Yes, the pd.pivot_table() function in Pandas can be useful for generating a table of correlation coefficients between categorical variables. However, since correlation coefficients like Pearson, Kendall, or Spearman are not applicable to categorical variables, you cannot directly compute them using DataFrame.corr() or pd.pivot_table().
To compute the correlation between categorical variables, you can use the chi-square test of independence. Here's an approach you can follow:
Create a contingency table using pd.crosstab() to count the occurrences of each combination of categorical variables.
contingency_table = pd.crosstab(df['cat1'], df['cat2'])
Apply the chi-square test of independence using scipy.stats.chi2_contingency() to obtain the chi-square statistic, p-value, and other relevant information.
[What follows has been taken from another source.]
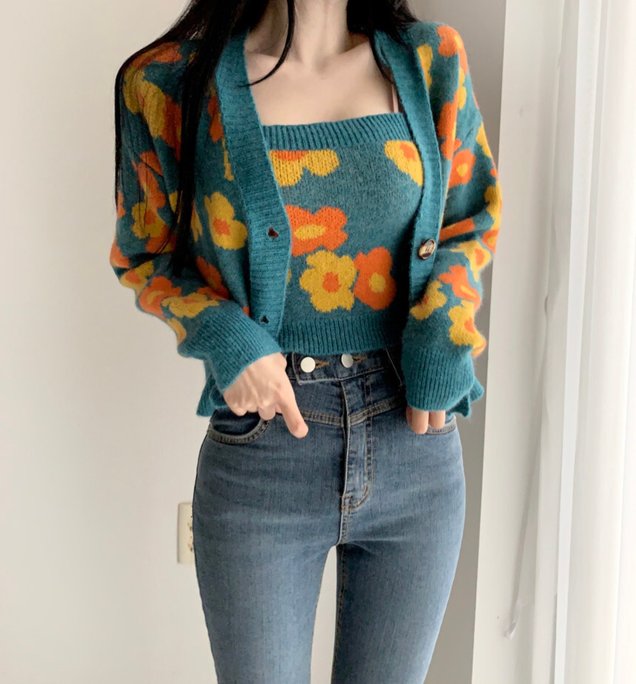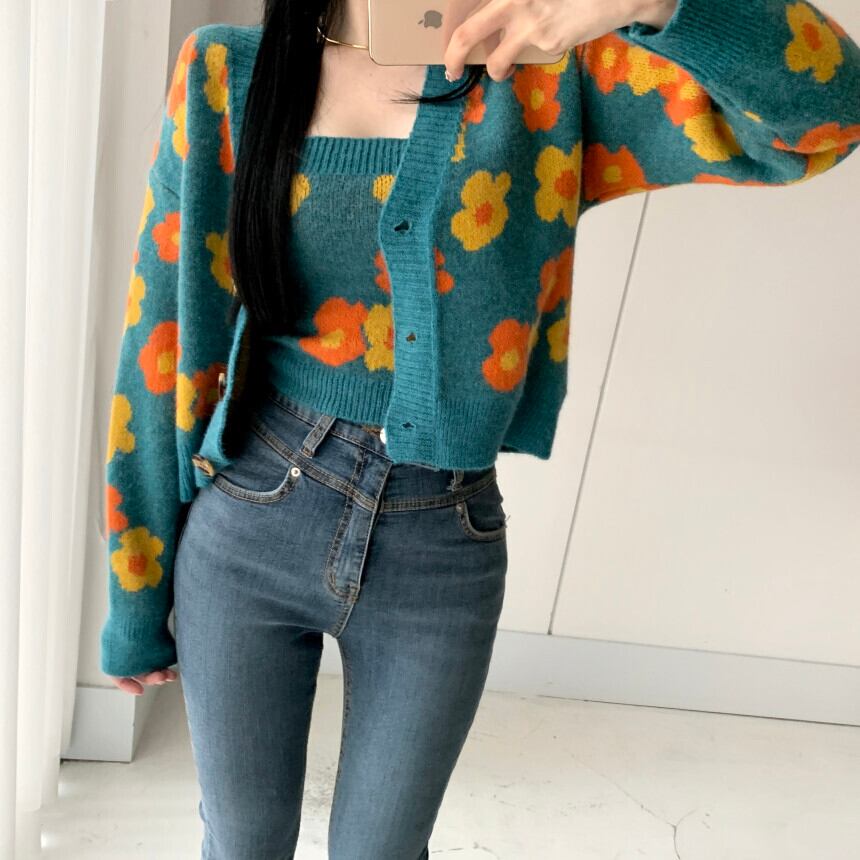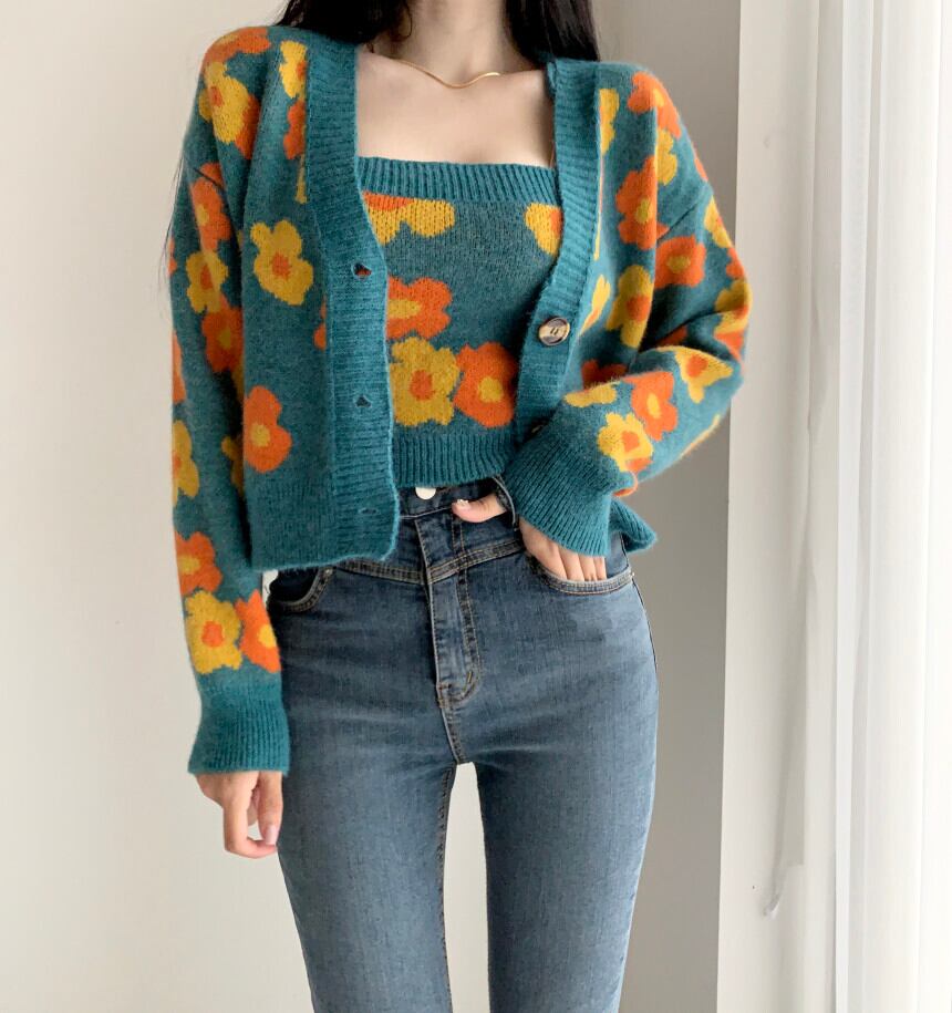 【韓国ファッション】大人可愛い スタンダードVネックFlowerデザイン ルーズニットカーディガンセーター トップス ロング レトロ フラワーデザイン ♡ 韓国30343665500 | パリジェンヌ、韓国系ファッション July

from scipy.stats import chi2_contingency
chi2, p_value, _, _ = chi2_contingency(contingency_table)
You can convert the chi-square statistic into a measure of association like Cramer's V for a better understanding of the strength of the relationship between the variables.
n = contingency_table.sum().sum()
phi_c = np.sqrt(chi2 / (n * min(contingency_table.shape) - 1))
Create a new DataFrame to store the correlation coefficients.
correlation_df = pd.DataFrame(data=np.zeros_like(contingency_table.values), columns=contingency_table.columns, index=contingency_table.index)
Fill the DataFrame with the correlation coefficients.
correlation_df.iloc[:, :] = phi_c
The resulting correlation_df DataFrame will contain the correlation coefficients between the categorical variables based on the chi-square test of independence.
Note: This method assumes that each categorical variable has more than two distinct categories. If a categorical variable has only two categories, you might consider using other measures like point biserial correlation or the tetrachoric correlation coefficient.
I hope this helps you visualize the correlation between your categorical variables using a chi-square-based approach!